Unfortunately, Luke dies suddenly before the money has been received. Nancy informs the large superannuation fund of Luke’s passing and that she wants to retain the death benefit in the fund; however, they consider the amount to still be a member benefit and pay it into Luke’s personal account. This means the superannuation proceeds are no longer driven via the BDBN but now form part of Luke’s estate. As executor, Nancy has a fiduciary duty to maximise the monies of the estate. Therefore the 3 adult children receive the $900,000. This is a less than satisfactory outcome for Nancy and not what Luke had envisaged.

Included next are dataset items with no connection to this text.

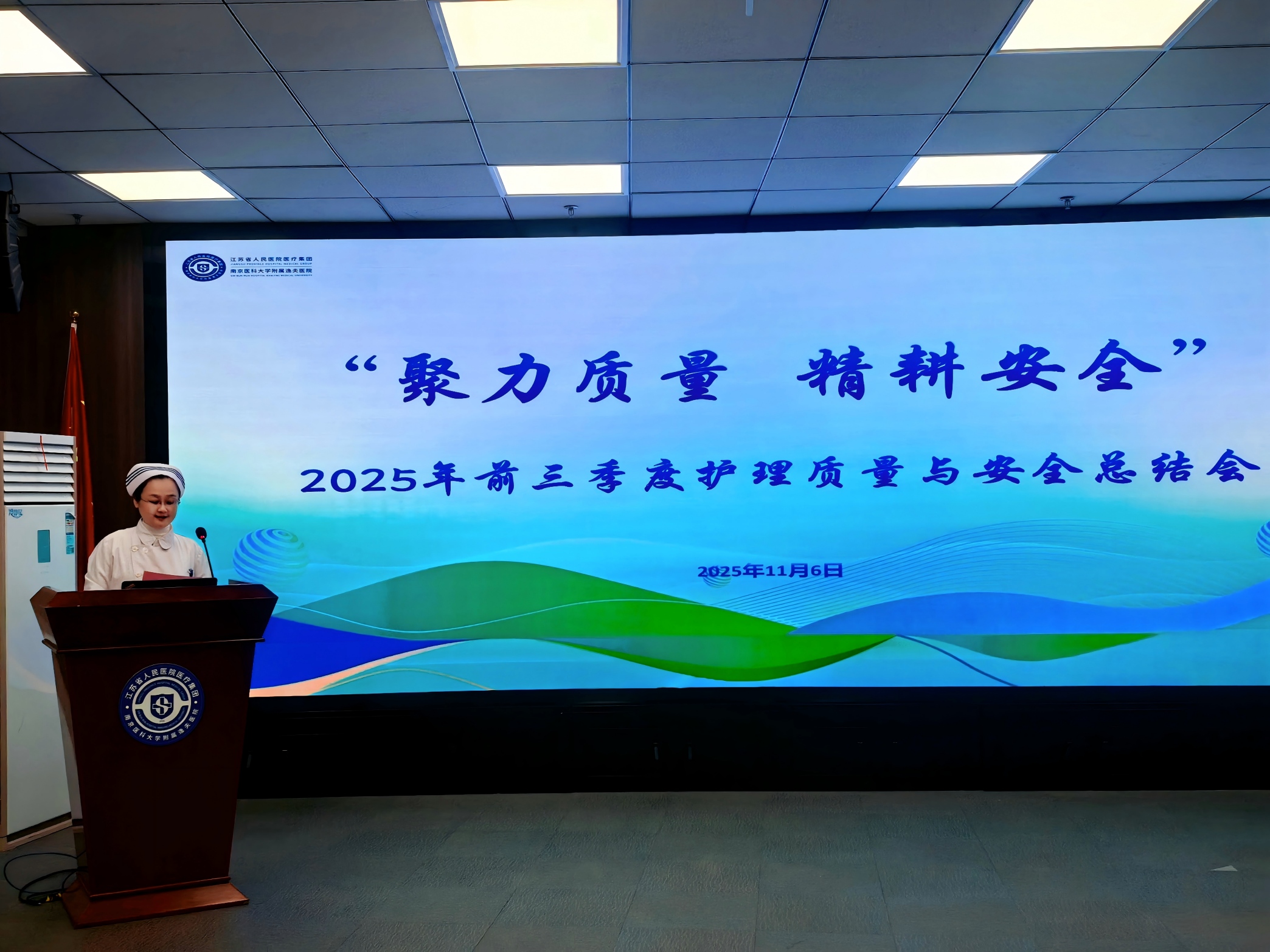 接下来由沈燕主任作《以责为纲,精护领航》专题汇报,全面总结了2025年前三季度的护理工作成效,深入剖析了存在的问题短板,并部署了提升路径。她强调,护理质量安全是医院的生命线,必须坚守“追求患者高效健康,坚守安全底线”的理念,杜绝因护理导致的意外损伤。针对检查发现的问题,护理部已完成16项护理质量考核标准、55项特殊科室标准及31项制度规范的修订,为全院护理同质化奠定了坚实基础。会议部署了六项重点工作:强化基层监管、补齐薄弱时段、推行信息化质控、提升管理骨干能力、优化管理工具、做好年度衔接。
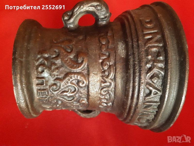 Масивен метален съд- хаван с надписи и инкрустации. Височина-9см. Без чукало.
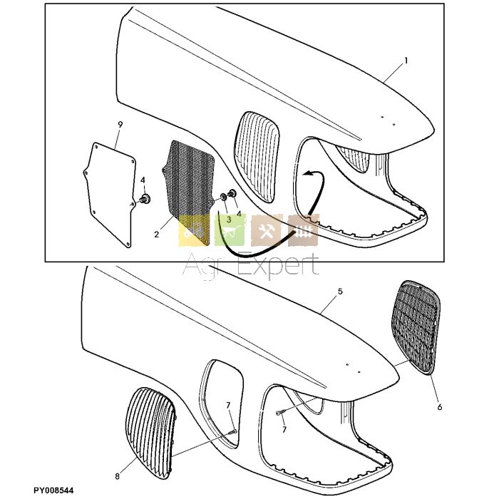 Capot moteur John-Deere 6215, 6520, 6615, 6820, SE6320, SE692

If the payment had been considered a death benefit, the trustees would be bound to follow Luke’s directions in the BDBN and pay the benefit to Nancy. Nancy could choose to take a lump-sum death benefit, death benefit pension or a combination of both. Assuming she opts for a pension, the benefit is retained in the superannuation system and continues to be concessionally taxed. It also means Nancy continues to receive an income stream from the fund.
What is the ATO’s position on such an outcome? The ATO has released Private Binding Rulings, which are rulings provided to private individuals on the matter. Historically the ATO has oscillated between considering the benefit a member benefit and a death benefit but now has a settled position on this – it is a member benefit. Which in some ways makes sense, as a large superannuation fund may not know the member has died since requesting a member benefit payment.
But what about an SMSF? It would be difficult for the trustee to claim they were unaware of a member’s death (given the nexus between trustees and members). If the trustees of an SMSF paid out a member benefit, knowing full well the member has died, cutting out a beneficiary under a BDBN and paying the member benefit to the deceased’s estate – this scenario could very well lead to litigious action.
Will the ATO’s position hold? Whilst the publicly released details of PBRs are scant on the facts of individual determinations (and thus, we do not know all the nuances of each decision), it is worth remembering that ATO does not make the law. We will not know until there is a court case on this, when, say, a beneficiary under a BDBN tests it in a court of law as to whether the ATO’s logic holds in situations involving SMSFs.